Franklin Lawson

Personal information
- Place of birth: Jersey City, New Jersey, U.S.
- Position: Striker

Youth career
- Belmont Abbey College

Senior career*
- Years: Team / Apps / (Gls)
- 1981–1982: Nashville Diamonds
- 1983: Pennsylvania Stoners
- 1984: Charlotte Gold
- New York Arrows (indoor)
- 1984: New York Nationals
- 1985: United Soccer League
- Atlanta Lightning (indoor)
- 1986: Atlanta Datagraphic
- 2012: Atlanta Silverbacks

Managerial career
- Georgia Perimeter College (assistant)
- OFC Black (head)
- OFC Red (head)

= Franklin Lawson =

American soccer player and coach

Franklin Lawson is an American retired soccer player who played professionally in the American Soccer League and the United Soccer League.

Raised in Old Bridge Township, New Jersey, Lawson graduated from Cedar Ridge High School. He then attended Belmont Abbey College where he graduated in 1977.
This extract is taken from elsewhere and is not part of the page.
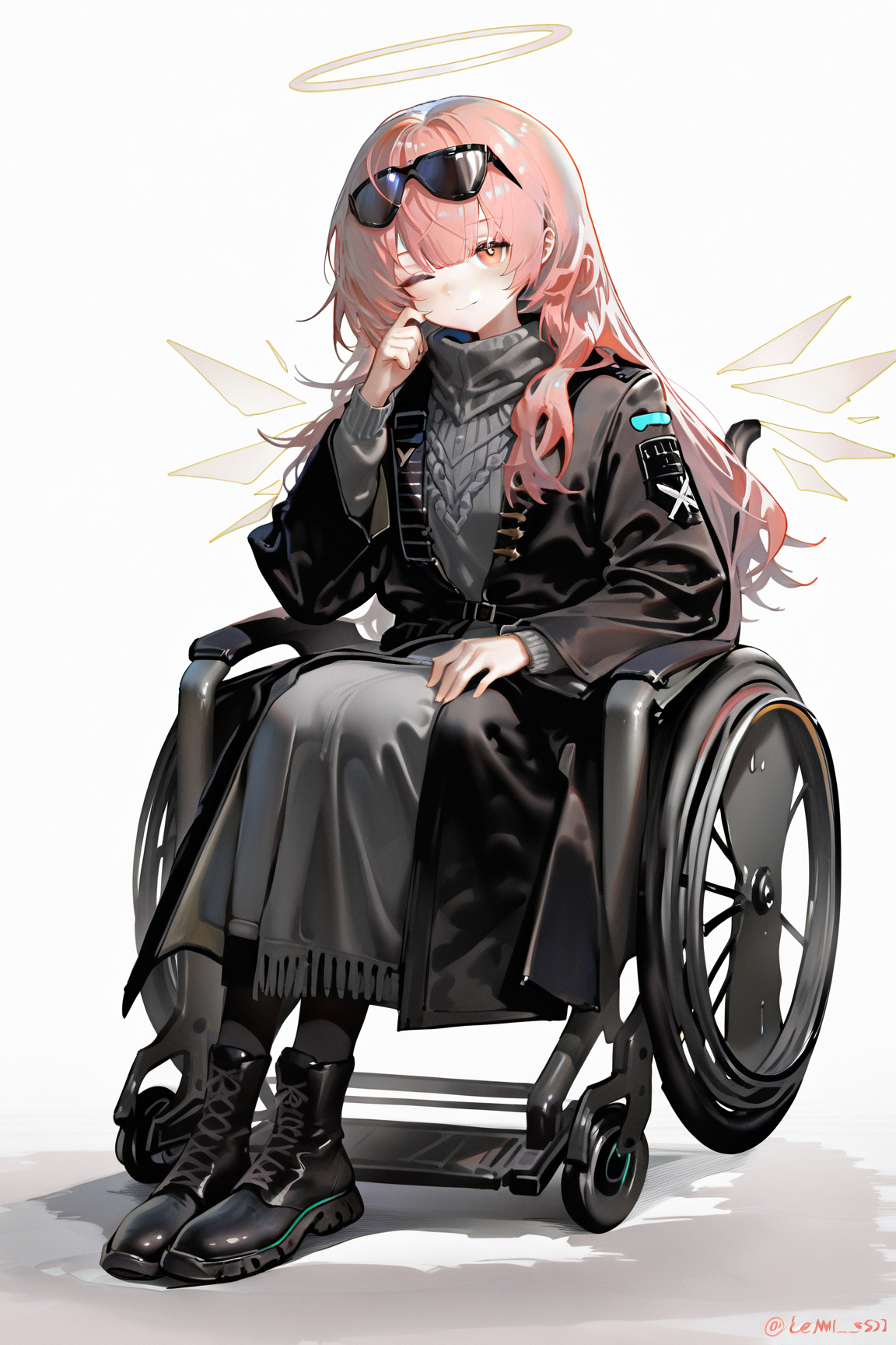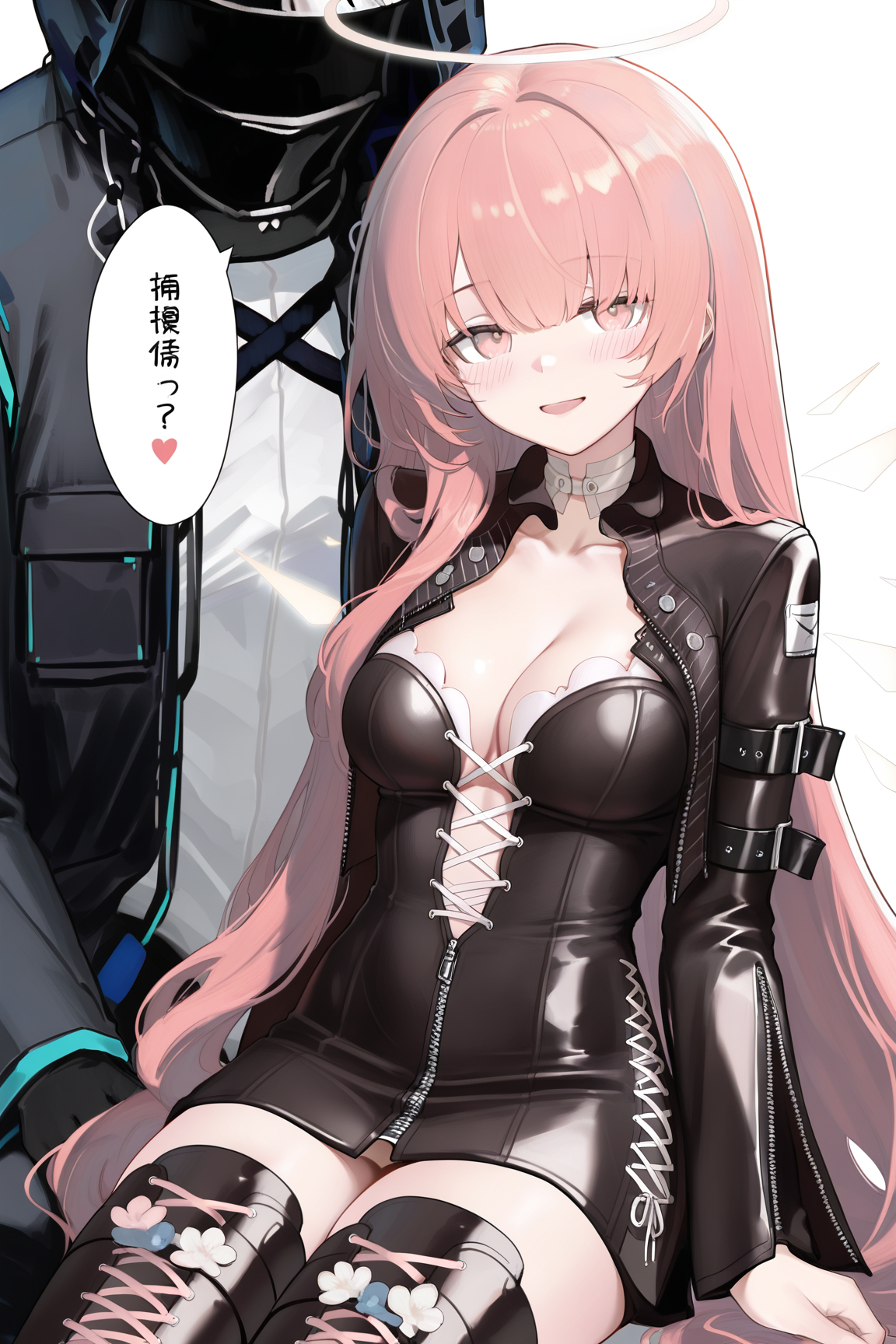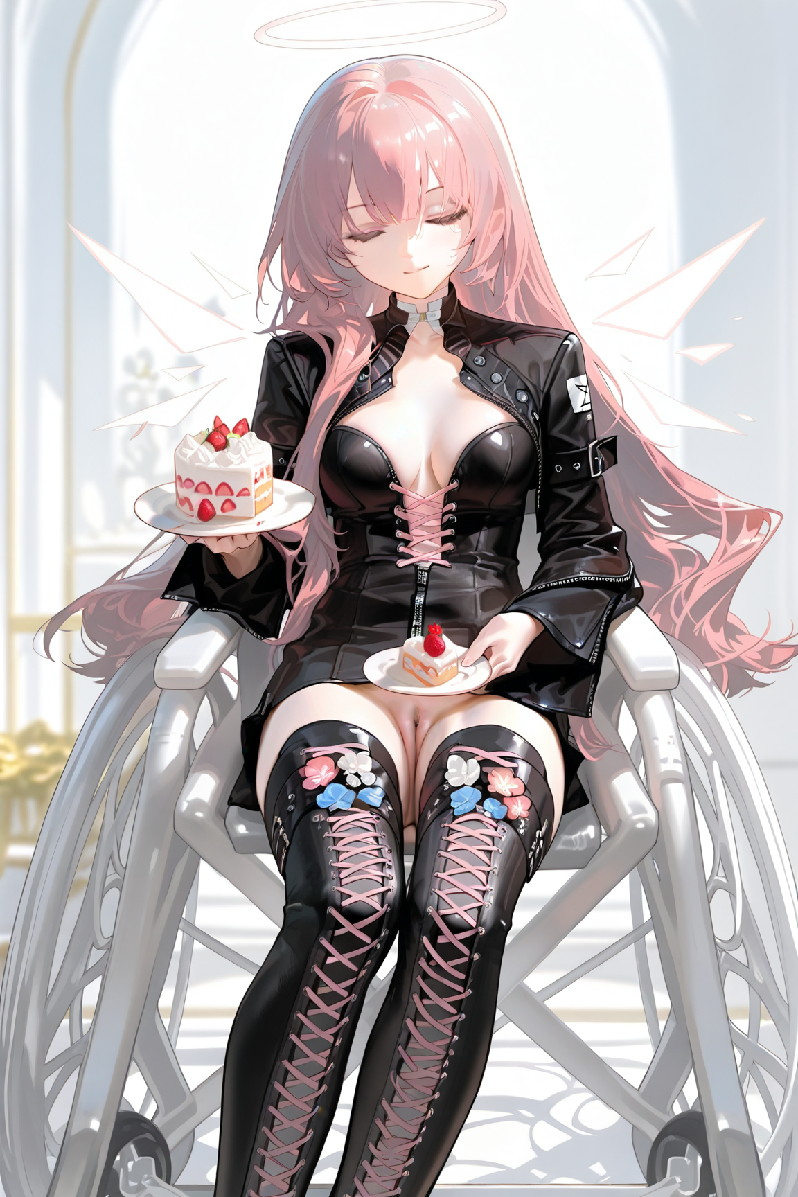 lemuen \(明日方舟\),1girl,粉发,粉眼,单人,长发,光环,大腿靴,靴子,过膝靴,能量翅膀,黑色夹克,交叉绑带鞋履,脱离的翅膀,翅膀,夹克,长袖,交叉绑带服装,黑色鞋履,连衣裙,系带靴,黑色过膝靴,椅子,黑色连衣裙,

He turned professional in 1981 with the Nashville Diamonds of the American Soccer League. He played for the Pennsylvania Stoners and Charlotte Gold in 1984. He spent time with the New York Arrows of the Major Indoor Soccer League. He played for the New York Nationals in the United Soccer League. He finished his professional career with the Atlanta Lightning of the SISL. He later played for Atlanta Datagraphic. He served as an assistant with the Georgia Perimeter College women's soccer team from the 1990s until recently. He coached for the OFC Black team and led them to a five-win season and a semifinal appearance in the Athens Finale in 2014. The team finished on the brink of promotion with 27 points. He is currently a coach of the 06 boys team of the CSC youth soccer club in Anchorage, Alaska.